When my python script is executed via command line (python3 ...), it will report back a seemingly-arbitrary position, over and over again, regardless of actual mouse position. If I run it from within IDLE, it will report cursor position while the pointer is within the IDLE gui, but nowhere else, defaulting to reporting the last mouse cursor position within the IDLE gui if the mouse exceeds those bounds.

I looked into the pyautogui library, and saw that it relied on an Xlib library. That does get the neurons firin', but not quite enough just yet. To try and get a better handle of what was going on a layer deeper, I copied the position() function and its necessary imports over to my script, bypassing pyautogui entirely. Still no dice, the same unintended behavior is replicated.
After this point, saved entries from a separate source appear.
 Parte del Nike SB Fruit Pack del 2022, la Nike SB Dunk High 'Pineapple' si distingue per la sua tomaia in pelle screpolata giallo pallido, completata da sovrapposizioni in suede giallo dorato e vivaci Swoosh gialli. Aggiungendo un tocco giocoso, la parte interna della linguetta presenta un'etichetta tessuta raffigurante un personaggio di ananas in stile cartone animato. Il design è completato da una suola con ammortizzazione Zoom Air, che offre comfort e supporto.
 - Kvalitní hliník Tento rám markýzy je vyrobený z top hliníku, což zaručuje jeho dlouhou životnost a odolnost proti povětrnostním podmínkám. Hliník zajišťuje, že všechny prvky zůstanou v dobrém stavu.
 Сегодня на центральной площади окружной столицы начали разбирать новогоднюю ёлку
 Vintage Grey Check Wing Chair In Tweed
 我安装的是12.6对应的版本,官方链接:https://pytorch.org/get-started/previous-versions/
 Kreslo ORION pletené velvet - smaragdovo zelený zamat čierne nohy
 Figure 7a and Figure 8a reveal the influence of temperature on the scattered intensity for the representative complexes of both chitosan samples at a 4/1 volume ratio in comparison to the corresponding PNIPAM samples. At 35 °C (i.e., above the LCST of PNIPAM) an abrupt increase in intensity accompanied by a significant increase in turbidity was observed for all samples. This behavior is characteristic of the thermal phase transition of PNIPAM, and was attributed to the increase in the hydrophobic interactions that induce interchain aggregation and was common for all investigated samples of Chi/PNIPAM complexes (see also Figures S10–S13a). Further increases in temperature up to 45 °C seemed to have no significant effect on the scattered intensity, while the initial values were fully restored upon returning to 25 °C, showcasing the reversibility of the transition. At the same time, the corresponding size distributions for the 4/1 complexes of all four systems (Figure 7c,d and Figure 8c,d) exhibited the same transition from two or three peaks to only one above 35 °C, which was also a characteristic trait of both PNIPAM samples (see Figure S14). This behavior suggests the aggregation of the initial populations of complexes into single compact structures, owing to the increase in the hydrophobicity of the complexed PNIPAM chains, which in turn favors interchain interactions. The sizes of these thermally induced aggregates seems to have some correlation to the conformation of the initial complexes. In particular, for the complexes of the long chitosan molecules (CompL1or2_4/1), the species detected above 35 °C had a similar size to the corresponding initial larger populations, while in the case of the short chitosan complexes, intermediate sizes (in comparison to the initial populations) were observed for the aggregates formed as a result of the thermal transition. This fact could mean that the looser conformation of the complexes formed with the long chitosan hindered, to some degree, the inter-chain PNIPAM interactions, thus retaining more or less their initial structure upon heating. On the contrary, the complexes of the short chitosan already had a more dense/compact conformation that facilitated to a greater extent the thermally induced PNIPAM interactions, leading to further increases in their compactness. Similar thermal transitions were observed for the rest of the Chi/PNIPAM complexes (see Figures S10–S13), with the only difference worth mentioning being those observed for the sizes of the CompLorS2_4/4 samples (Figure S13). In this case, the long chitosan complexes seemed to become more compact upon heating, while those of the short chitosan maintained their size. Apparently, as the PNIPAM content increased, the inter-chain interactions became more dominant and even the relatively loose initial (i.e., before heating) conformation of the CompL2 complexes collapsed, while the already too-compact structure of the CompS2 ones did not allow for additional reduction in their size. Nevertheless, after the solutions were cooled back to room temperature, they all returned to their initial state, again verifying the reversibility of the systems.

Well, now I'm desperate. I start looking on Google, and when no combination of search terms dredges up the slightest hint, I start to feel like I'm losing sanity. Then it finally wriggles into my awareness: Xlib. X11. What display server (is Wayland the display server, or is it something else? Apologies, dilettante!) is Ubuntu 22.04 using? Oh, Wayland by default.

One edit to gdm3/custom.conf later, I'm back to X11 and everything is working perfectly. I move my mouse cursor and the outputs of my test script adjust in accordance with my heretofore-lying eyes.